A thousand points of light…
Next, consider using a multipoint offer. The more items you can include the better because it allows the opposing side to pick and choose which terms they like and which they do not. By having a menu of terms (let’s say ten different terms you want) you might find that you are in agreement on a majority of the terms and that leaves the negotiation down to just a couple of terms.
Never let them see you sweat.
Lastly, don’t give up until you settle or the other side walks out. Many people get frustrated or insulted by the offers being made in mediation. You should never be insulted, offers are just offers nothing more. And if you force the other side to walk out before settling then you will know where their breaking point is. If you are the first one to end a mediation, then you have no idea how far the other side might have gone before calling it quits—but they know your breaking point. Don’t give up that advantage. It is fine if you want to stick to your guns and not drop your offer, but don’t let the other side know your breaking point.

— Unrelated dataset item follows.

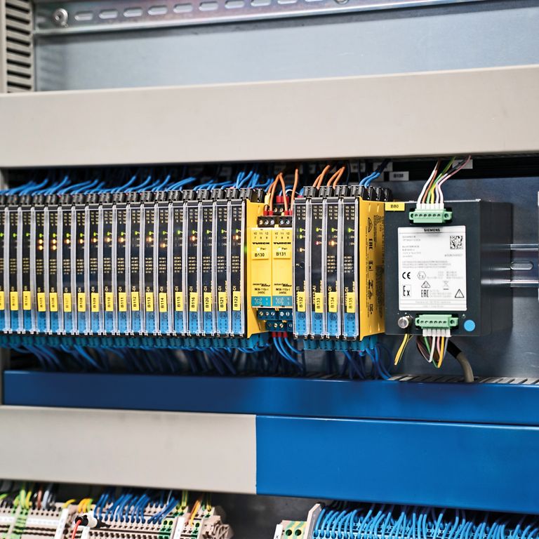 However, not every company has PLC programming expertise and in some cases a fieldbus is simply not needed. In those situations, Niemann uses a second approach based on hardwiring rather than PLC technology. Pushbutton signals are sent to the field via TURCK IMX12 isolating switching amplifiers. Devices from the IMX12 interface series are also used when operators need to bring specific digital or analog values out of the hazardous area. This allows proximity sensor signals or temperature values to be transmitted in an intrinsically safe manner to the control cabinet.

Confession is good for the soul.
One final thought: know beforehand whether your case MUST settle or not. This is not something you want to share with the mediator or the other side, but you need to know the answer to this question. Are you really prepared to go through the costs and emotional strain of your case continuing? Do you really have enough evidence to take a good shot at winning at trial? It is time to be brutally honest with yourself. If you can say yes, I can continue, then you are in a strong negotiating position and you can hold out much longer. If you say no, my case must settle, then you can hold out as long as you can, but in the end you need to take the best deal offered.
It has been said that a bad settlement is better than a great trial. That’s because with a settlement you are in control of your resolution, whereas trial is a real unknown. Mediation gives you the chance to be in control, but you need to understand the trust mediation process so you can use it to your advantage.